Quantitative proteomic and biochemical analyses identify the differentially regulated proteins by anemoside B4 upon TNBS-induced colitis colon tissue from rats. Rats were orally administrated with 80 mg/kg TNBS. Anemoside B4 was continuously injected i.p at the doses of 10 mg/kg twice a day for 8 days. Rats were sacrificed on day 8 after colitis induction. a The volcano plot for the MS identified 604 proteins in colon tissue. Each point showed the log2 (Fold change) in the x axis vs. their corresponding -log10 (P-value) in the y axis. The filter boundaries were set so that a fold change above 1.5, or a fold change below 0.67, were considered significant, and a P-value of 0.05 was used as the cutoff value. The horizontal dotted line indicates the cutoff P-value of 0.05 and all points above this line have P < 0.05. The black points indicate 591 quantified unaltered proteins. The green points and red points indicated the down-regulated and up-regulated proteins, respectively. The circle indicated the proteins used for the biochemical validation. b The biological processes of the differentially regulated proteins analyzed by the online STRING database. c Quantification of S100A9 mRNA expression. d Western blotting analysis of S100A9 protein level. c, d Data were shown as mean ± SD (n = 3). ##: P < 0.001 vs. vehicle group; ***: P < 0.001 vs. TNBS group. (E) Proteins in the downstream or upstream of S100A9 signaling pathway were detected by Western blotting in colon tissues (n = 3). f Analysis of S100A9 protein level. #: P < 0.05, ##: P < 0.01, ###: P < 0.001 vs. control group. **: P < 0.01 vs. TNBS group

Next, the biological processes that the 56 proteins participated in were analyzed through the online STRING database. The result showed that the differentially regulated proteins were mainly clustered in the tricarboxylic acid (TCA) cycle and respiratory electron transport chain (Fig. 4b). S100A9 protein is one of the obviously reduced proteins and mostly affected by anemoside B4 (Fig. 4a).

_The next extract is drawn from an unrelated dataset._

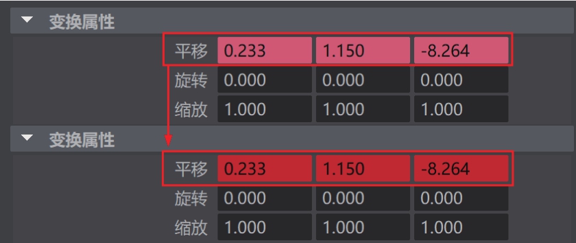 05 再次在“属性编辑器”面板中对“平移”属性设置关键帧。设置完成后,可以看到已经设置了关键帧的数值,其背景色由浅红色变为了红色,如图1-12所示。

Western blotting and qPCR analysis revealed that both the protein and mRNA levels of S100A9 were significantly increased in colon tissues treated by TNBS and these increases could be attenuated by the further treatment with anemoside B4 (Fig. 4c-d), consistent with the proteomic data.

Anemoside B4 suppressed S100A9/MAPK/NF-κB downstream signaling pathway in vivo

S100A9 interacts with S100A8 to form heterodimers of S100A8/S100A9, which bind to TLR4. The downstream activation of JNK and NF-κB occurs through MyD88-induced activation in a TLR4 dependent manner, thereby promoting inflammation or apoptosis. Therefore, we examined the activation of S100A9/MAPK/NF-κB signaling pathway in colonic homogenate to explore the further molecular evidence of the anti-inflammatory effects of anemoside B4. As shown in Fig. 4e, TNBS induction significantly increased the expression of TLR4 protein in rat colon, which was significantly reduced by the treatment of anemoside B4. We further measured the expressions of some key proteins involved in the downstream pathway of S100A9, such as p-NF-κB/p-p65, p-JNK, effector molecules IL-6 and NOD2. All of them were significantly increased in rat colons after TNBS challenge. However, anemoside B4 could reduce the increased expressions (Fig. 4e, f). These results demonstrated that anemoside B4 could inhibit the TNBS-induced activation of S100A9/MAPK/NF-κB pathway in rat colons.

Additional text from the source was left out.